I'm trying this new thing, though. I call it Do Things in Winter You Don't Do in Summer. Or sometimes I call it Take Advantage of February (Which Is Sort of Like Extra January). Or, like, yesterday I called it If You Don't Get This Done Now You Never Will So Sit Down and Write. Because if I can knit bobillions of rows of garter stitch in fingering weight yarn without batting an eye (much), I can do this.
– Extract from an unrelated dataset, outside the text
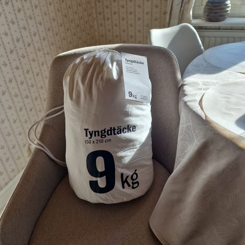 Tyngdtäcket väger 7 kg och är som nytt. Testade att använda det med påslakan 1 gång, men det var inte riktigt i min smak. Kan överlämnas i Kalmar, Torsås eller Gullabo.

And it's important to me. I love to cook. My recipes are precious. I make them over and over. Andy makes them over and over. Our history together is, in its own way, in this box. I hadn't really realized, until I started rewriting them (on the proper size cards), how much I would remember. The blue table with Ann and Martha on Eighth-and-a-Half Avenue in Rock Island, and no-knead bread with honey. Our first apartment's miniature kitchen in the Rozale, painted top to bottom wedding-cake white, and our little lasagnas. The shrimp crostini we made for the big Christmas party we had the first Christmas after my accident. Memories, memories — it was weird how easily they came. The places we've lived, parties we've had, friends we've fed, friends who have fed us and passed along their recipes. My favorites were childhood things I remember but rarely make (applesauce muffins, chicken and dumplings) and things I often do (Mom's sauce, my dad's chilli). I'll keep my few original recipes that are in other people's handwriting, but not in this box.
This box will be totally functional, and that's what I want. And need. I have a binder with page protectors that contains recipes I've printed off of the internet. I have a small library of my favorite cookbooks. But this box is going to contain all of our personal recipes, family recipes, and our most-used internet and cookbook recipes (I'll rewrite them onto the cards, because I can't tell you have many times I've tried to remember something I want to make and can't remember if it's in the box, or the internet binder, or a cookbook [which cookbook?], etc.).
I wrote out a list of categories: Breakfast Things; Appetizers, Drinks, and Dips; Soups and Salads; Pasta, Pizza, and Bread; Side Dishes; Main Courses; and Desserts. Then I went through some of the recent photos I've taken and resized them to fit on a 5 1/2" x 8" space (so, a little taller than the index cards), added the text, printed them on photo paper, then cut them out and took them over to Julie's to laminate them (should have known Julie would have something cool like her own laminator; we were laughing about this one time when she was absolutely incredulous that I didn't have my own sticker maker — [snort!]). Anyway, they came out just like I was hoping they would, so that was so nice.
For the past few days, every time I walk past the table I try to sit down and write a recipe. It's a big project, but actually going faster than I thought. I might be 1/3 done. It's obvious to me that I now need a laminator of my own, because I'll be laminating every single one of these, too. In my kitchen, recipes on paper get trashed. I can't tell you how many recipes I was trying to copy that I couldn't read because the ink was blurred off by water spills, or whatever. These little guys are getting protection. I've gone through three pens so far. But I kind of enjoy writing things by hand, especially when I'm taking my time. And I'm now thinking, Yeah. February! It's like an Extra January.